Teaching the Dog to Fetch
By Michael Russell
Many people mistakenly believe that any dog will chase after sticks and toys and are disappointed if they end up with a dog that simply does not retrieve. Unfortunately, this is often the case. It may be caused by the dog’s upbringing as a puppy. Or it may be that no one has ever actually played with the dog and so he doesn’t know how to play. In some cases, the dog will retrieve but will bounce excitedly away when you try to get the article away from him. If you give chase you are really asking for trouble because then your dog will believe that the retrieval also means a game of “catch me if you can”. In other cases the dog retrieves absolutely beautifully and comes right up to you but will not drop the article and stubbornly hangs on, wanting instead to turn his game into a “tug of war”.
Often there are other kinds of problems associated with retrieving. Here is a method of training the retrieve, which is nearly foolproof, and in most circumstances, you can have a good retrieving dog within a week or two.
First, find a nice long empty hallway that is not too wide. Preferably, there will be carpet or a non skid surface on the floor. Borrow a friends house if you don’t have a hallway in your home, or go to the local motel and ask permission to use the back hall for an hour…
Take several pieces of an old garden hose that have been cut into pieces about 8 to 12 inches long. Also take some specially good treats for your dog. Sit down at one end of the hallway and take out a piece of the tubing and wave it enticingly in front of the dog. Toss it a few feet. If he goes after it at all, immediately reward him with a treat. Take another piece of tubing and do the same thing…again.
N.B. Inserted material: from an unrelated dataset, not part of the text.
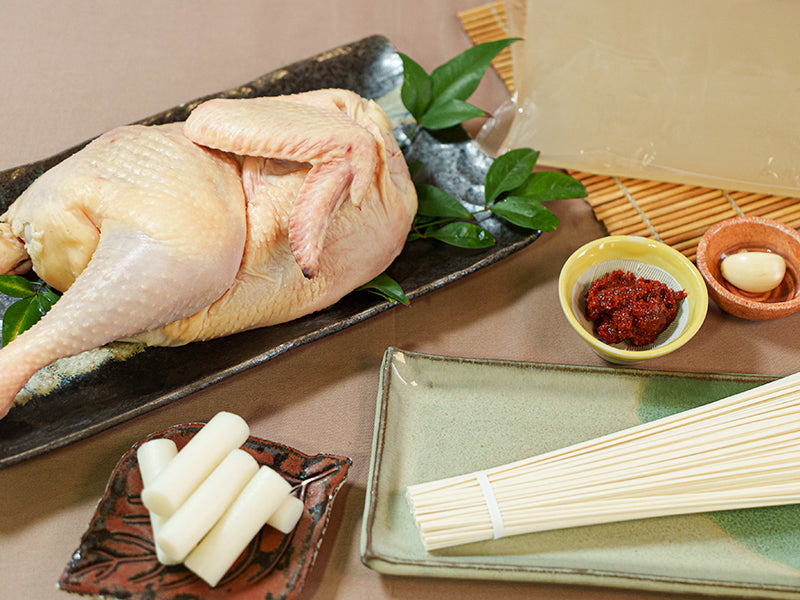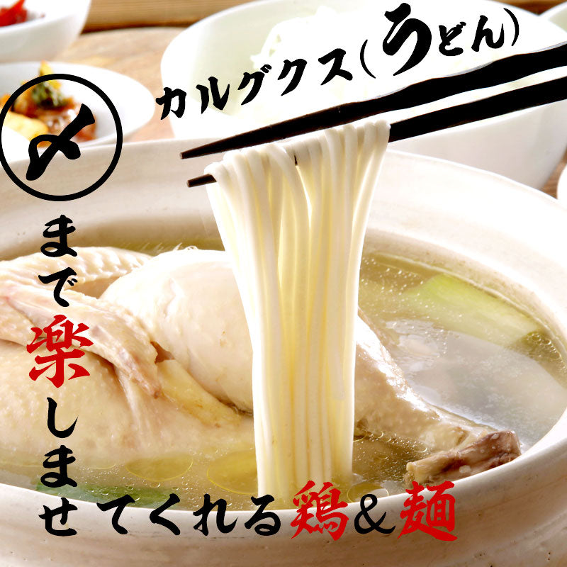 【4~5人前】鶏1羽2100~2300g+スープ1980g+カルグクス(乾麺)200g+トッポギ90g+タデギ40g+醤油33g+酢30g+からし6g+ニンニク10g 箱304g 4293g

Do not go and pick up the first piece of tubing, for now let them lie there until you have gone through your supply. (you may have to throw several before your dog will show any interest whatsoever, especially if he is a non retrieving breed or has a complete hangup about going after something and bringing it back. ) If and when your dog finally picks up the piece of rubber hose and carries it around, even if he does not bring it back to you, this is the step in the right direction. Be sure to laugh with him, gurgle happy words to him, let him know you are very very pleased that he picked up the piece of rubber! At that point, you do NOT tray to remove the hose from the dog’s mouth. Simply offer him a treat, if he lets go of the hose to take the treat then this is all you need. If he does NOT let go of the hose, (or if you don’t believe in treats or even if you forgot the treat!) just throw another piece of hose, usually he will drop the one he is holding and go after the next piece. Continue throwing the “toys” a longer distance and be sure to continue to use your happy voice and convince the dog that this is a great and fun thing to do!
In some extreme cases this simply doesn’t work with the dog. You might want to forget using the hoses at all and use several stuffies or soft toys instead. This may do the trick.
In most cases, you will have the dog running excitedly a long distance down the hall and picking up the hose and bringing it back to you without hesitation, within two weeks.